72 Wn.2d 720, EUGENE R. NIELSON et al., Appellants, v. KING COUNTY et al., Respondents

[No. 39072. Department Two.      Supreme Court      December 14, 1967.]

EUGENE R. NIELSON et al., Appellants, v. KING COUNTY
                     et al., Respondents.«*»

[1] Appeal and Error - Findings of Fact - Review. The Supreme Court will not substitute its evaluation of the evidence for that of the trial court when there is substantial evidence in support of its findings.

[2] Waters and Watercourses - Municipal Corporations - Obstructed Watercourses - Foreseeability - Burden of Proof. A county cannot be held liable for flooding of a stream it is charged with maintaining where the flooding has resulted from acts of God or happenings of events not reasonably foreseeable. The burden of proving foreseeabitity is on the party alleging injury.

[3] Injunction - Grounds - Proof. When relief by temporary or permanent injunction is sought, the one asking such relief must show a well-grounded fear of invasion of a right, and the acts complained of must establish an actual and substantial injury or an affirmative prospect thereof.

Appeal from a judgment of the Superior Court for King County, No. 639245, Solie M. Ringold, J., entered March 21, 1966. Affirmed.

Action for damages and injunctive relief. Plaintiffs appeal from a judgment in favor of the defendants.

Eugene R. Nielson, for appellants.

Charles O. Carroll, James E. Kennedy, and J. Hartly Newsum, for respondents.


This action was instituted by Eugene R. Nielson and his wife against King County and its county engineer to recover $150 damages«1» to their real property

«*» Reported in 435 P.2d 664.

[2] See Am.
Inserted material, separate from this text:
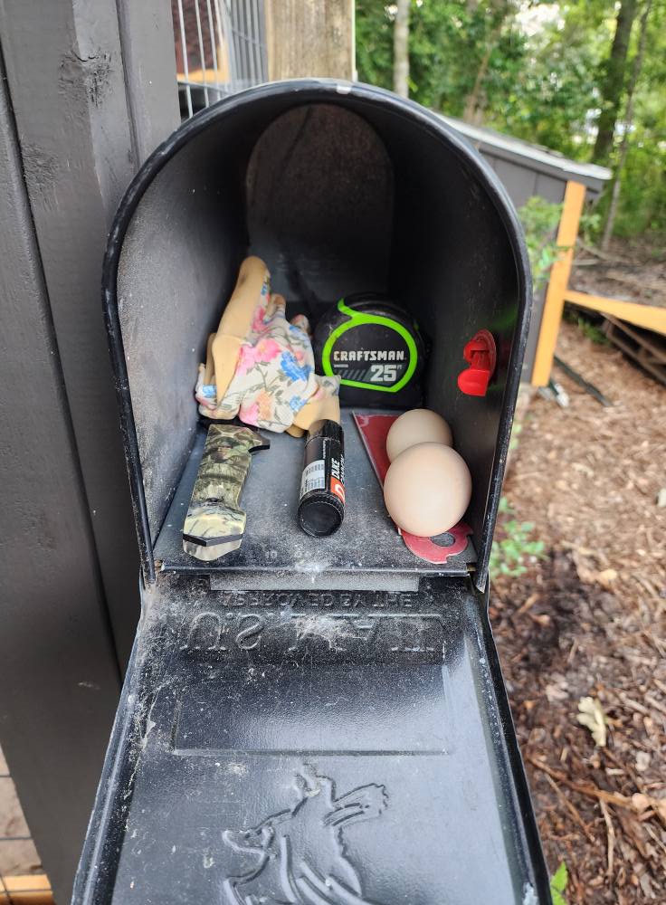 - Mailbox that I keep my gloves, knife and beverage of choice in. It keeps everything dry and keeps the hornets out of my drink

Jur., Waters § 91.

«1» It is to be noted that, if it were not for appellants' prayer for a mandatory injunction directing the county to abate an alleged nuisance, this court would not have jurisdiction to entertain this appeal. This result follows from the fact that this is a constitutional court, created by the Washington Constitution, article 4, and its jurisdiction, both original and appellate, is derived from article 4, section 4. Kennedy v. Real Estate Salesmen Local 154A, 53 Wn.2d 223, 332 P.2d 939 (1958).
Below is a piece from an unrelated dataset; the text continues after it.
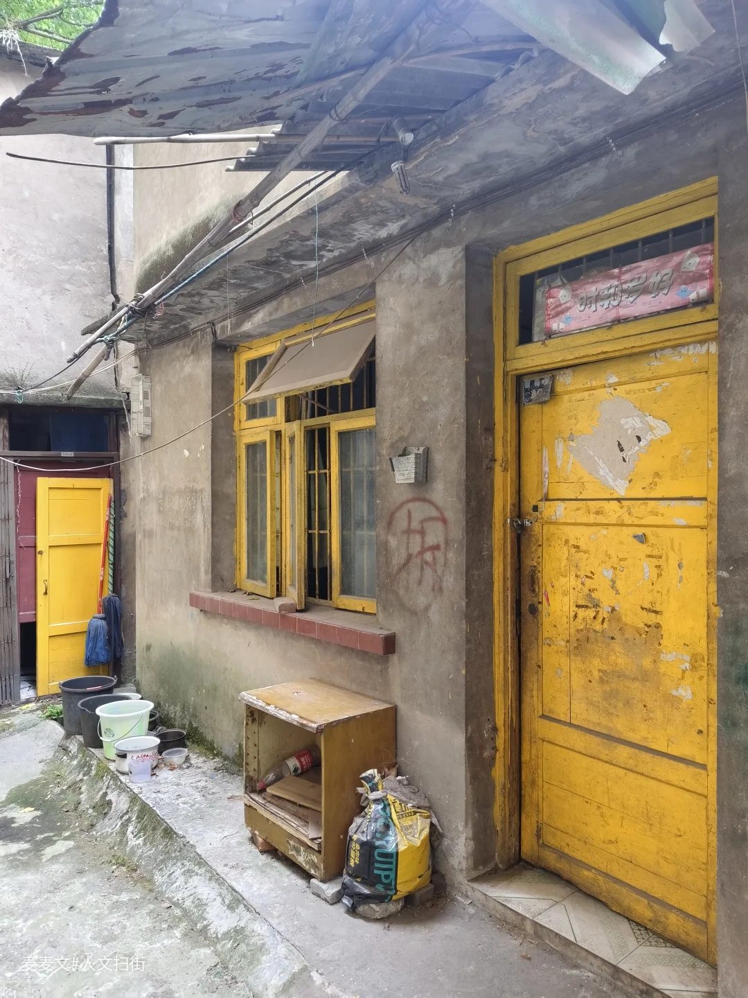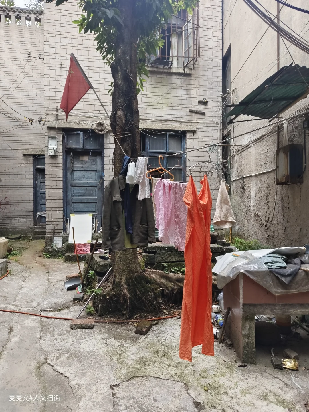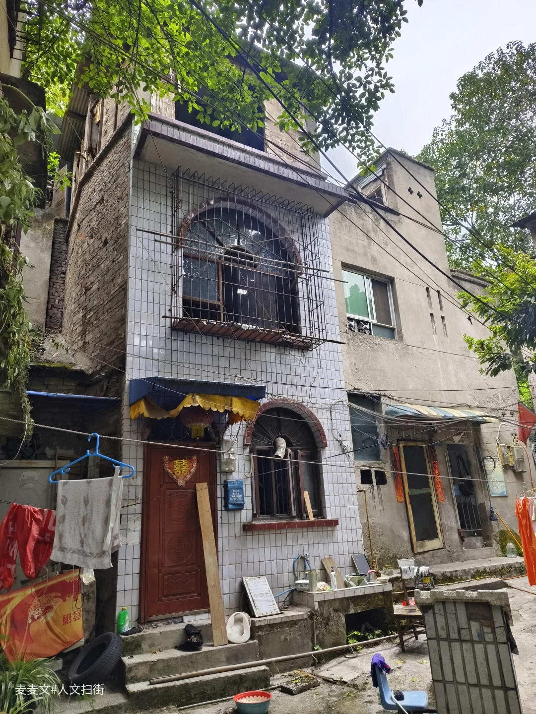 走进葡萄院,时光仿佛慢了下来。老旧的房屋,斑驳的墙壁,诉说着岁月故事。院子中间的树郁郁葱葱,见证着这里的人来人往。晾晒的衣物随风轻摆,充满生活气息。

Article 4, section 4 of our constitution provides that this court shall have appellate jurisdiction in all actions and proceedings, excepting: ". . . that its appellate jurisdiction shaH not extend to civil actions at law for the recovery of money or personal property when the original amount in controversy, or the value of the property does not exceed the sum of two hundred dollars ($200) unless the action involves the legality of a tax, impost, assessment, toll, municipal fine, or the validity of a statute."
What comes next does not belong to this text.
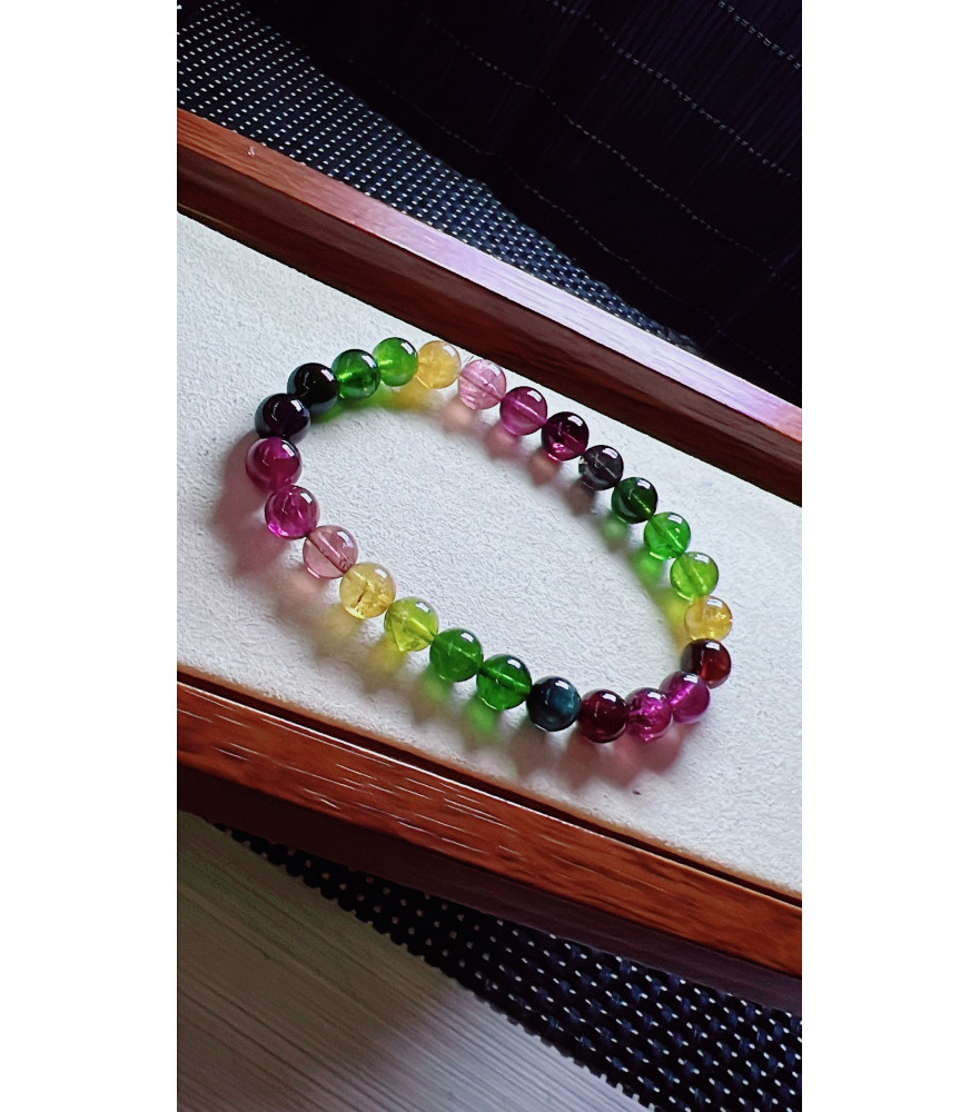 1223F12 exquisite rainbow tourmaline bracelet, size about 7.5mm, weight 17.6 grams, crystal transparent, fresh and smooth color, natural color matching, suitable for women to wear in various occasions

Therefore, this court is without jurisdiction to entertain an appeal where the amount in controversy is less than two hundred dollars, Dygert v. Hansen, 31 Wn.2d 858, 199 P.2d 596 (1948), Green v. Nichols, 40 Wn.2d 661, 245 P.2d 468 (1952), and such an appeal will be dismissed on our own motion. Kerr v. King Cy., 42 Wn.2d 845, 259 P.2d 398 (1953).

We have held, however, that this constitutional limitation as to the amount involved does not apply in equitable proceedings. Schmelling v. Hoffman 124 Wash. 1,213 Pac. 478 (1923), and cases cited therein.

 Dec. 1967]          NIELSON v. KING COUNTY          721

(owned by them and on which they reside), allegedly caused by an obstruction to the natural flow of Clough Creek. Plaintiffs Nielson further seek a court order enjoining defendants to remove the unlawful obstruction they maintain in the watercourse as described in the complaint, on the theory that it constitutes a nuisance.

It is alleged in the complaint in paragraphs 2 and 6 as follows:

2. Defendant County unlawfully maintains an obstruction to the natural flow of Clough Creek where said watercourse intersects that certain road denominated 415 Avenue South East (a/k/a South Fork Road) in the Southwest quarter of the Southeast quarter of Section 16, Township 23 North, Range 8 East, W. M., approximately 1.8 miles southeast of North Bend. This obstruction is in the form of three concrete culverts placed in said road which are inadequate to handle the natural flow of said stream which flows through and under said road. On November 30, 1964, and again on January 29, 1965 and January 30, 1965, this obstruction caused the diversion of water from said stream upon plaintiffs' land described in paragraph 1 above, which abuts said creek at said intersection, causing erosion of land, erosion of driveway gravel, and deposit of silt upon claimants' lawn.

. . . .

6. Plaintiffs, as riparian owners, are entitled in addition to the money damages set out in paragraph 3 above, an order of the Court enjoining defendants to remove the

 722    NIELSON v. KING COUNTY      [72 Wn.2d 720

unlawful obstruction of the watercourse described in paragraph 2 above for the reason that said obstruction constitutes a nuisance which plaintiffs may have abated and on the further ground that plaintiffs' remedy at law is inadequate, and equitable relief by way of enjoined removal is proper in order to relieve plaintiffs from filing a multitude of damage actions in the future.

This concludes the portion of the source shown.